赤い色がトレードマークのキャンベル(2022年7月撮影 by ディールラボ)
Cargill(カーギル)
カーギルは、米国に本拠を置く1865年の食糧関連以外にも金融や製造業を営むコングロマリット企業です。穀物メジャー筆頭格でもあり、肥料、食肉、製塩、ココア等の分野でも圧倒的存在感を示します。売上高は食品業界最大級の10兆円を優に超える規模ではあるものの、カーギル家とマクミラン家が所有する非公開会社です。
- 穀物取引事業:
大豆や小麦等の集荷・輸送・販売を行う穀物取引分野では世界市場シェアは最大級の規模です。穀物メジャーと言われるADM、ブンゲ(バンジ)、ルイドレフュスとともにABCDの一角を担っています。 - 製塩事業:
工業用の塩を製造販売しています。道路向けの凍結防止塩も手掛けています。製塩業界の世界シェアではK+Sや中国国家塩産業とともに世界トップ3の一角です。 - 飼料事業:
EWOSブランドで養殖向け飼料、Purina、Nutrena、Provimiで動物向け飼料を手掛けています。飼料業界の世界シェアでは、タイのチャロンポカパンや中国の新希望集団と上位の座を競っています。 - カカオ・ココア事業:
カカオの集荷、加工、ココアパウダー、チョコレートバターの販売までを手掛けています。
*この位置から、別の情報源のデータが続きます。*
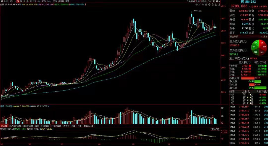 11月21日A股猛料:美联储大消息!隔夜外盘巨震!中概股加速探底聚焦A股市场每日重磅消息!在阅读正文前,你必须知道一点:没有几个主力资金会笨到在利好一出炉就将股价直线拉升到涨停,所以请股民朋友们耐心一点,让利好飞一会,也许你会发现不一样的投资机会!【国内外财经要闻/A股大盘展望】猛料一:广期所调整碳酸锂期货相关合约交易手续费标准及交易限额!事件:昨天,广期所发布公告,从2025年11月24日开始交易起,碳酸锂期货LC2601合约的交易手续费标准调整为成交金额的万分之三点二。同时,广期所还规定,非期货公司会员或者客户在碳酸锂期货LC2601合约上,一天之内开仓的数量不能超过500手。点评:就在11月18日,广期所刚刚把碳酸锂期货的交易手续费提高到成交金额的万分之一点二。才过了短短两天,广期所就再次上调了碳酸锂的交易手续费,还加了个交易限额。很明显,这是因为第一次提高手续费后,碳酸锂期货的价格并没有停止快速上涨,最近两天还在继续被“逼空”(就是多头力量很强,空头被迫平仓导致价格上涨)。可以预见的是,如果这次广期所出手还压不住价格,后面可能还会有更严厉的措施。不出意外的话,碳酸锂期货价格这几天可能就会快速掉下来。林哥在最近几天的文章里也跟大家提过,现在碳酸锂期货和A股市场关系很密切。因为锂电池板块是当前A股市场的核心热点,一旦锂电池板块因为碳酸锂价格波动而走弱,肯定会进一步拖累A股大盘往下走。猛料二:美国9月非农大超预期!美联储12月决策更趋复杂!事件:昨晚,推迟了好几个月的美国9月非农数据终于公布了。根据美国劳工部的数据,美国9月新增就业人数意外地达到了11.9万人,大大超过了市场预期的5万人。但是失业率却从8月的4.3%上升到了4.4%,创下了2021年以来的新高。点评:这份报告本来应该在10月3日发布的,它反映了美国政府停摆前的就业状况,是投资者和政策制定者都非常关心的一个重要经济指标。非农就业数据意外大增,一方面说明特朗普政府的一系列经济刺激措施起到了作用;另一方面,这也会让大家觉得美联储12月降息的可能性变小了。所以这组数据对资本市场的影响也比较复杂。昨晚,美股一开始因为英伟达的财报不错以及经济数据回暖这两个好消息而大幅高开,但盘中又因为大家对降息的预期下降而出现了剧烈的上下波动!值得注意的是,昨晚中概股的表现还是很疲软,再次创下了过去几个月以来的新低!大盘预判: 昨天A股大盘震荡着往下走,连续3个交易日都收在30日均线的下方,这说明短期内大盘向下变盘的风险在增加。而且昨晚的交易数据显示,机构和游资在大盘调整的时候都没有出手抄底。再加上中概股继续创新低,以及锂电池板块可能因为广期所的干预而回调。所以林哥认为,短期内A股大盘可能会向下回撤到60日均线附近,如果表现更差一些,那可能会在60日均线下方形成一个阶段性的低点。【行业/板块/题材概念消息点评】猛料三:供需向好钨价继续上涨,未来一段时间将保持高位运行!事件:昨天,章源钨业公布了11月下半月的长单采购报价:55%黑钨精矿32.80万元/标吨;55%白钨精矿32.70万元/标吨;仲钨酸铵47.80万元/吨。这些产品的价格和11月上半月相比,都再次出现了上涨,涨幅大概在6%左右。点评:这个消息对金属钨板块是个利好。今年以来,随着光伏、汽车等行业的明显增长,对钨的需求也大幅增加了。与此同时,钨的供给方面又在收紧,这就进一步加剧了市场供需紧张的情况。在这种供需都在变化的影响下,今年主要的钨制品价格涨得比较厉害,和年初的价格相比,全线都上涨了超过120%,最高的涨幅甚至超过了140%。整个产业链的产品价格都创下了历史新高。在A股市场方面,金属钨板块是典型的跟经济周期走的板块(顺周期),只要钨价能保持强势,相关的上市公司业绩和股价在一段时间内的表现应该都不会太差。

カカオ・ココア業界の世界シェアでは、スイスのバリーカレボーやシンガポールのオラムインターナショナルと並ぶ業界最大手の一角です。 - パーム油・製油事業:
パーム油を含む油種の加工・販売を行っています。パーム油・製油業界の世界シェアでは、パーム油大手のウィルマ―インターナショナル、ADM、ブンゲ(バンジ)等と世界首位の座を競っています。 - その他、カーギルはパスタソース(Pomarolaブランドを展開)、食肉分野、木綿取引、スターチ等の食品成分の分野でも事業を展開しています。
KraftHeinz(クラフトハインツ)
Kraft Heinz(クラフトハインツ)は、旧クラフトフーズの北米事業を引き継いだ会社です。北米に特化しています。クラフトチーズ、冷凍食品や飲料等を展開しています。2015年にバフェット氏率いるパークシャー・ハサウェイや投資ファンド傘下のトマトケチャップ等で有名な食品メーカーHeinz(ハインツ)と経営統合しクラフトハインツが誕生しました。パスタソースはClassicoを軸に展開しています。事業構成としては、調味料・ソース事業、チーズ・乳製品事業、常温保存食事業、肉・魚食品、冷蔵・冷凍食品に分かれます。2021年にナッツ事業をHormel Foodsへ売却しました。さらに詳しく
-300x249.png)
ハインツのトマトケチャップ(2022年7月撮影 by ディールラボ)
ミツカン
2014年にユニリーバからバスタソースブランドの「ラグー(RAGÚ)」と「ベルトーリ(BERTOLLI)」を買収しました。